Aided by the availability of vast amounts of data computing resources, machine learning (ML) has made big strides. The financial industry, which at its heart is an information processing enterprise, holds an enormous amount of opportunity for the deployment of these new technologies.
Machine Learning for Finance is a practical guide to modern ML applied in the financial industry. This book is not only about investing or trading in the finance sector; it's much more as a direct result of the love story between computers and finance. Investment firms have customers, often insurance firms or pension funds, and these firms are financial services companies themselves and, in turn, also have customers, everyday people that have a pension or are insured.
Let’s see what Jannes has to say about finance industry challenges and how machine learning can help solve them:
Tell us a little bit about your book, Machine Learning for Finance? What were your goals and intentions when writing it? What makes this book necessary? What gap does it fill?

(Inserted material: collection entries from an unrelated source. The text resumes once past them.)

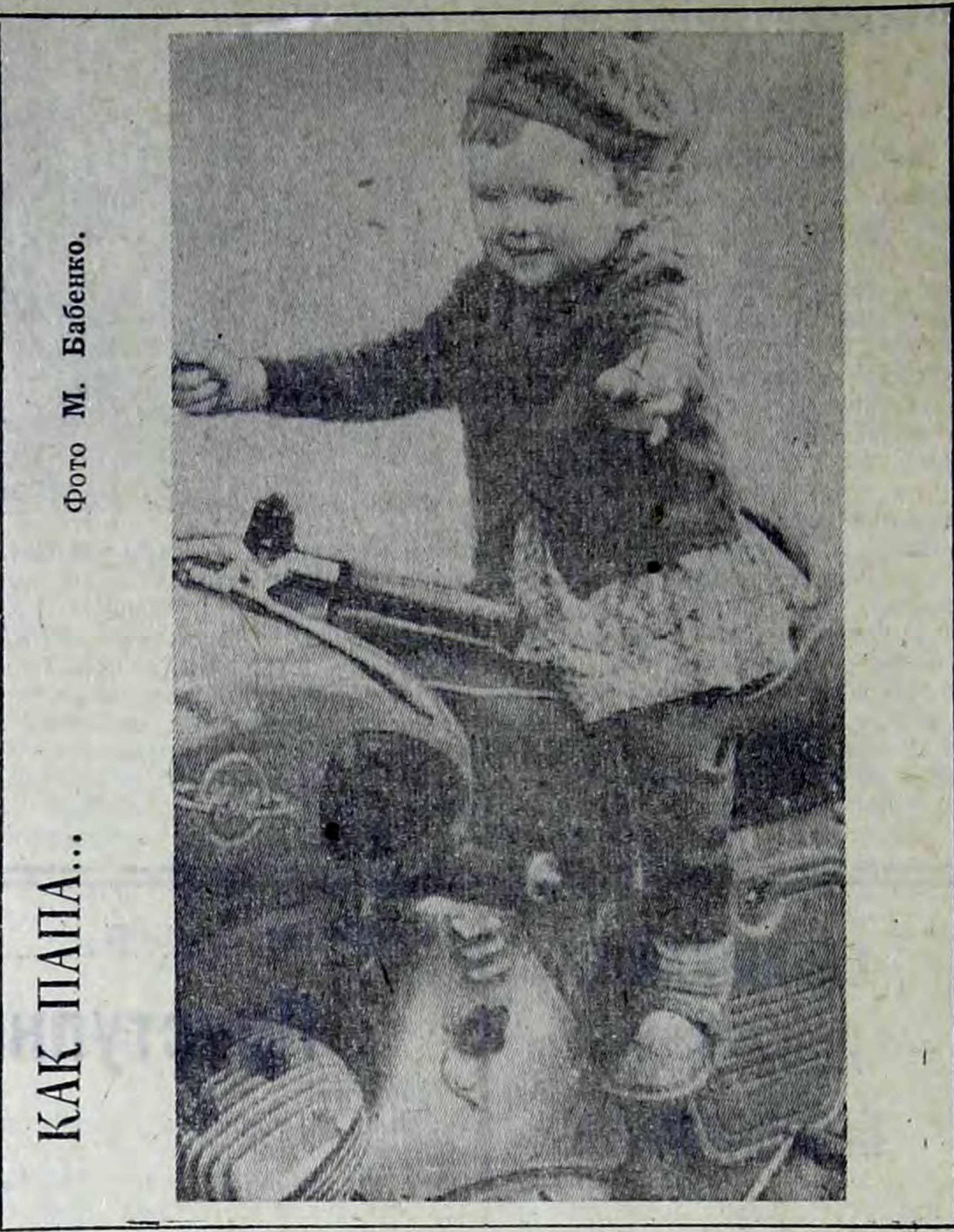
КАК ПАПА...

площадку, но сейчас она полностью разрушена. Мы боремся за уменьшение шума на улицах города, за то, чтобы Балаково был нарядней и краше. А здесь, под окнами жилого дома устраивают стоянку автомашин, безнаказанно разрушают детскую площадку и работники домоуправления смотрят на это «сквозь пальцы». А вот еще пример безответственности, плохой заботы о людях. Давно уже заселено семейное общежитие в первом микрорайоне. Но здесь нет не только асфальтовых дорожек, цветов и зелени, но до сих пор не побелен фасад дома. И стоит на берегу канала многоэтажное строение мрачного вида и пассажиры проходящих пароходов ни за что не догадываются, что в этом доме живут семьи химиков с детьми, что в нем расположен детский клуб «Романтика» и домоуправление № 5 комбината химического волокна. Конечно, многое в благоустройстве Балакова зависит от самих горожан. Не трудно дружно выйти на воскресник, убрать территорию, вскопать землю, посадить деревья, цветы. Но руководить этим обязаны работники жилищно-коммунального управления. Строители же, уходя из дома, не должны оставлять после себя «память» в виде обломков арматуры, куч бетона, рытвин и кочек. А. КУЗИНА.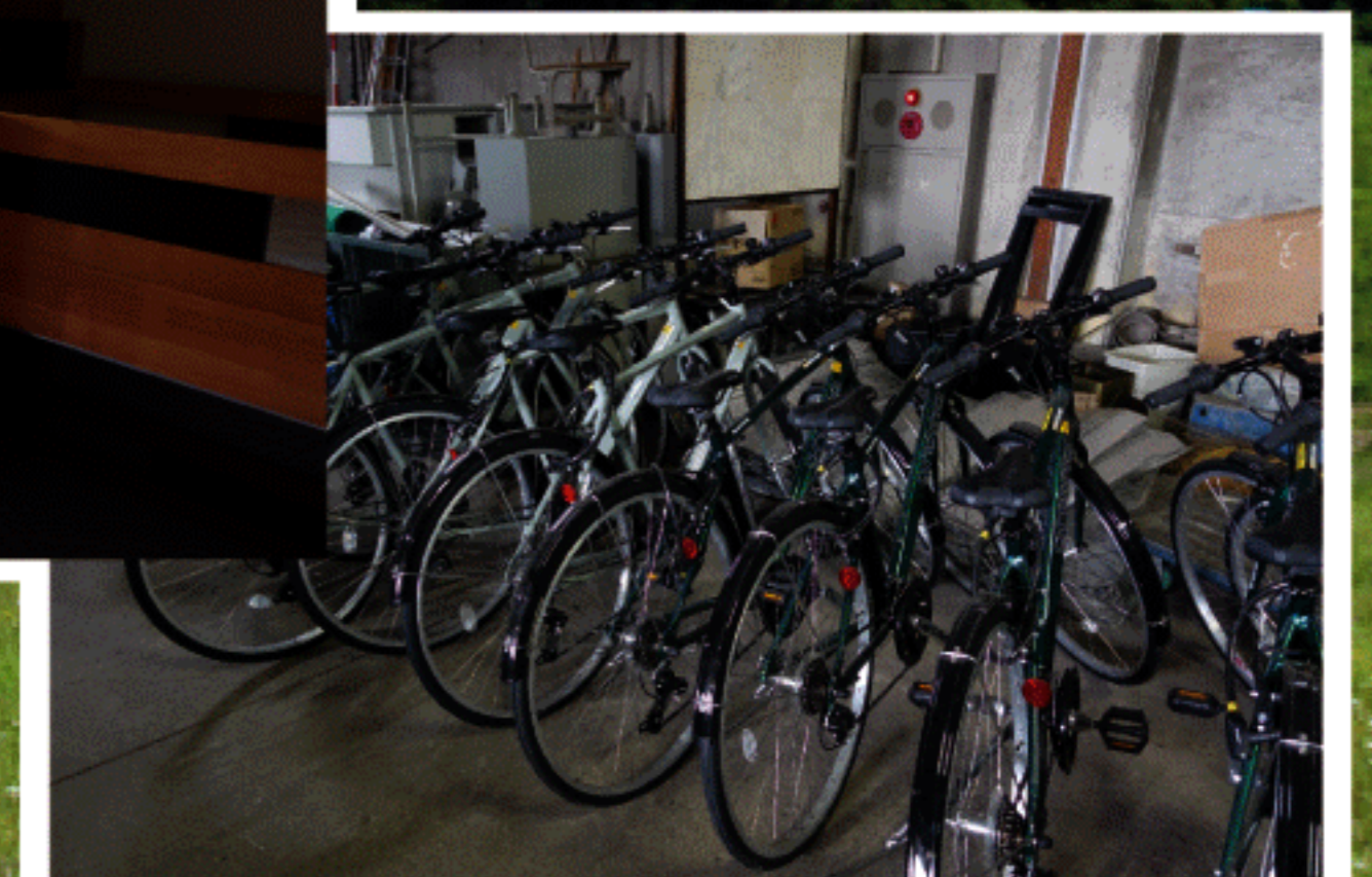
農村交流館貸出用自転車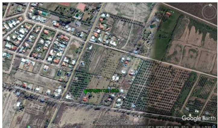
Figura 2- Localización del emprendimiento Germen de Vida

Jannes Klaas: The book is by no means a complete guide to everything you might want to possibly know, but it is a practice-driven introduction that will leave the reader with some ready-to-use skills. After reading only a few chapters, readers will be able to use their new skills in their professional work. This approach differentiates the book from much of the very theory-driven literature that traditionally dominates quant finance. When I started writing this book, I felt that there was a disconnect between what many people who were doing ML knew and what many people who were doing finance knew. I saw many ML experts creating “financial models” that were worse than useless from a finance perspective. At the same time, many financial practitioners had no idea of what was happening to their field. They were worried that the days of excel spreadsheets were over and that their skills would be outdated. And they were right about that. But they did not have a straightforward way to get an overview of the brave new world they found themselves in and acquire some essential skills. There was and still is a gap of understanding, and both sides need to upskill to make the most out of the opportunity that lies in front of us. I am hoping to address the gap and contribute a little bit to the furthering of the financial profession.

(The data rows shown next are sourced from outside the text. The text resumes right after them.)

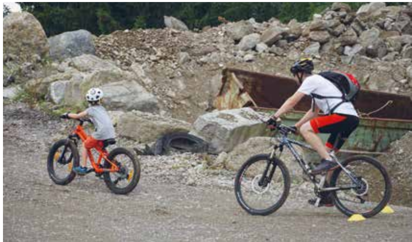
Komm vorbei und bike mit uns in der Kiesgrube Tobel.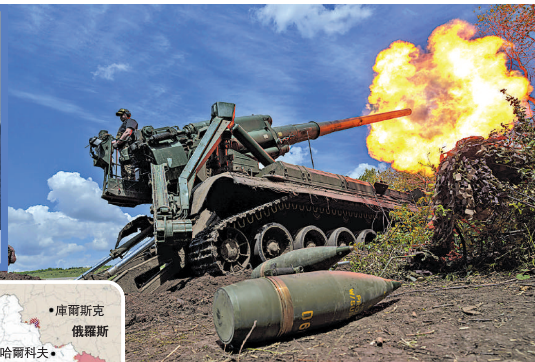
▲俄烏衝突持續近三年。圖為烏克蘭士兵在頓涅茨克前線向俄軍陣地發射榴彈炮。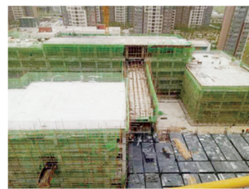
顺利完成工程封顶。

经开六中自2017年7月开工以来，历经260多个日夜，精心组织、安全文明施工，现场严格按照“8个100%”和“两个禁止”落实，成立“进度督导组”，倒排工期，最终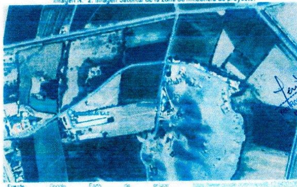
Imagen N° 2: Imagen Satelital de la zona de influencia de proyecto.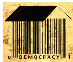
Vers une démocratie plus démocratique ?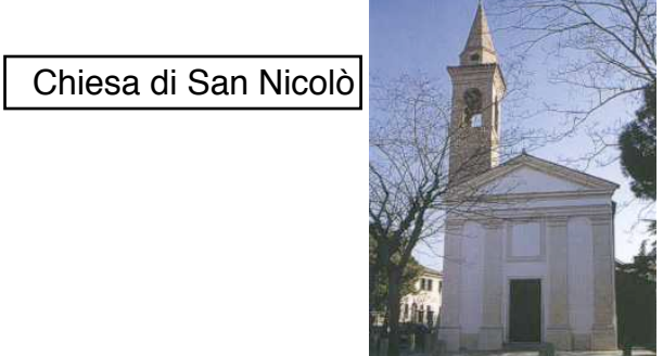
Chiesa di San Nicolò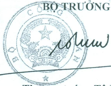
Thượng tướng Tô Lâm

What are the different ML approaches in finance? Which approach do you prefer for mapping and resolving a problem and why?

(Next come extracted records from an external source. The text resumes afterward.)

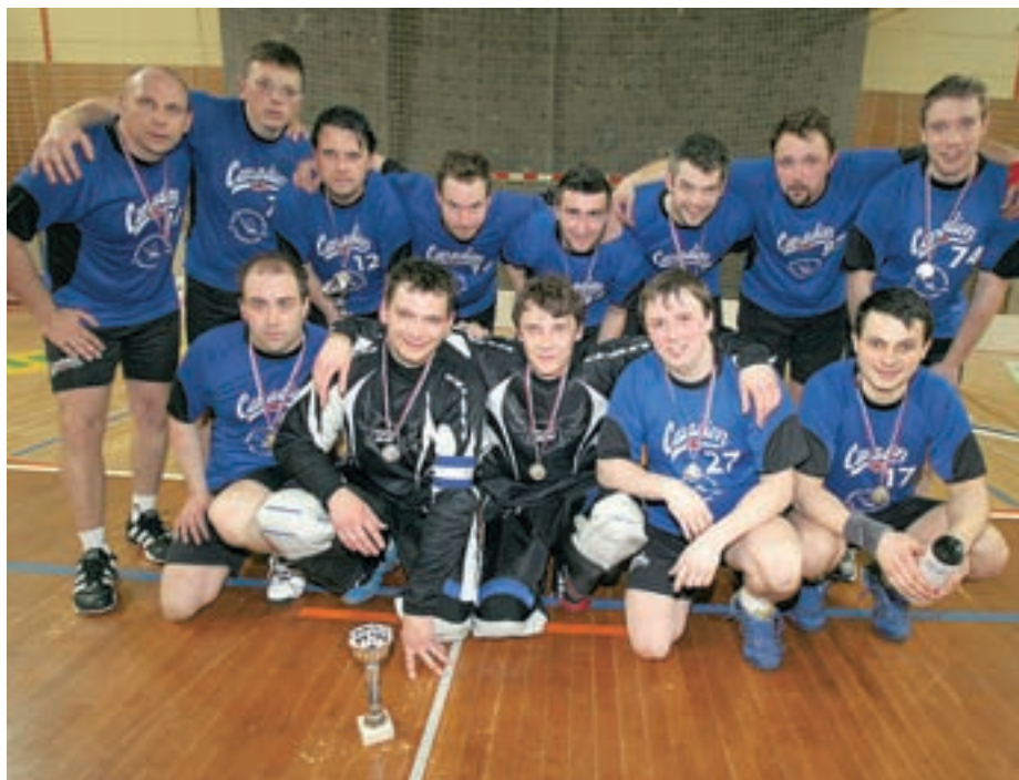
Ekipa ŠD Zelencev Kranjska Gora je v finalu morala priznati premoč ekipi InSporta, kljub temu pa so se po zadnji tekmi v dvorani Poden v Škofji Loki veselili drugega mesta.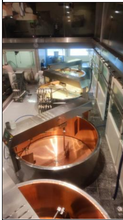
簡述: 參觀起司工廠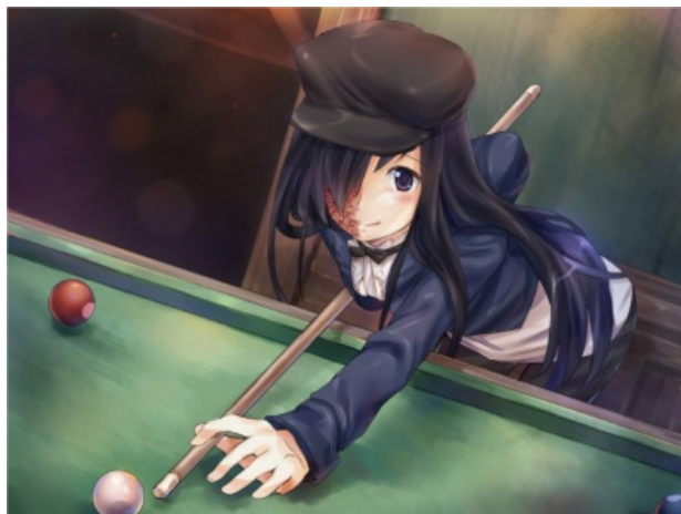
Темный угол и бильярд — вот она, радость

Обсуждения Ханako бурлят постоянно, так как она является главной любимицей анонимуса — и есть за что. Это единственный персонаж из всех показанных, с которой обращаются как с инвалидом, при том что инвалидом она не является. В целом Ханako — почти обыкновенная школьница за тем вычетом, что пол-лица и рука у нее покрыты страшными ожогами ( спойлер : искалечена вся правая половина тела), что, казалось бы, никак не роднит ее с Сандором Клиганом или с Голдотом Полумёртвым . В Ямаку же она сидит исключительно из-за тяжело травмированной психики, а также чтобы не привлекать лишнего внимания — она так боится показывать шрамы, что все остальные ее старательно в упор не замечают. Разговаривать тоже боится — только еле-еле мямлит да заикается.

JK: Depending on the task, there are a lot of different methods. So, no single approach clearly dominates. The first question to ask here is whether you want to do supervised, unsupervised, or reinforcement learning. If you have labels, that is, you know what the true prediction should have been for your training data, then a supervised approach is usually the best. Supervised learning is where most of the commercial value lies and is usually the go-to approach for anything that concerns predictions. Unsupervised learning allows you to gather insight from your data if you don’t have labels. For instance, you might be interested in finding common factors that drive stock prices. You don’t know which factors are there or even how many, so you can use an unsupervised approach to get some insight. Reinforcement learning does not require labels, but it requires some reward signal. Say, you are interested in an optimal hedging strategy. Once again, you have no idea what the optimal strategy would have been, but you do know if you made or lost money. So you can use this knowledge as a reward signal and train the algorithm to maximize it.
From an academic perspective, I find reinforcement learning very interesting. But as a practitioner, I tend to work with supervised approaches most of the time. In general, the simpler the model, the better.
Why do financial models amplify biases in data? How can you combat this bias and make ML models fair and accountable?
JK: Machine learning models are made to pick up on features that discriminate between classes in the dataset (e.g. fraudulent or genuine transactions). They can even combine features to form new features that help them with discrimination. The problem is that they can also discriminate based on protected attributes, such as age, gender, or race. This can even happen if the protected attributes themselves are hidden from the model. Say, you wanted to avoid discriminating against young people. So you will not use age as a feature, but you use the occupational status. However, the model will infer the age from the occupational status (e.g. student), and might end up discriminating on age anyhow. A second common issue is that many ML systems do not work equally well for everyone. Many computer vision systems, for instance, struggle to recognize the faces of people of color. This is very problematic if you use computer vision for verifying IDs, for instance. Combatting this requires you to first be aware of and open about the problem. The next step is to have a team that is diverse and can potentially spot the subtle patterns that lead to bias. Your data also needs to be representative of the diverse group of people you might be serving. Then there are a few technical approaches. One approach is to add discrimination to the loss function of the model. So the model needs to not only minimize its prediction error but also its bias on the protected attributes. These technical solutions can definitely be part of the response, but if you do not acknowledge and constantly monitor the problem, these solutions will not save you.
About the Book
Machine Learning for Finance explores new advances in machine learning and shows how they can be applied across the financial sector, including in insurance, transactions, and lending. It explains the concepts and algorithms behind the main machine learning techniques and provides example Python code for implementing the models yourself.
About the Author
Jannes Klaas is a quantitative researcher with a background in economics and finance. He taught machine learning for finance as lead developer for machine learning at the Turing Society, Rotterdam. He has led machine learning bootcamps and worked with financial companies on data-driven applications and trading strategies.
Jannes is currently a graduate student at Oxford University with active research interests including systemic risk and large-scale automated knowledge discovery.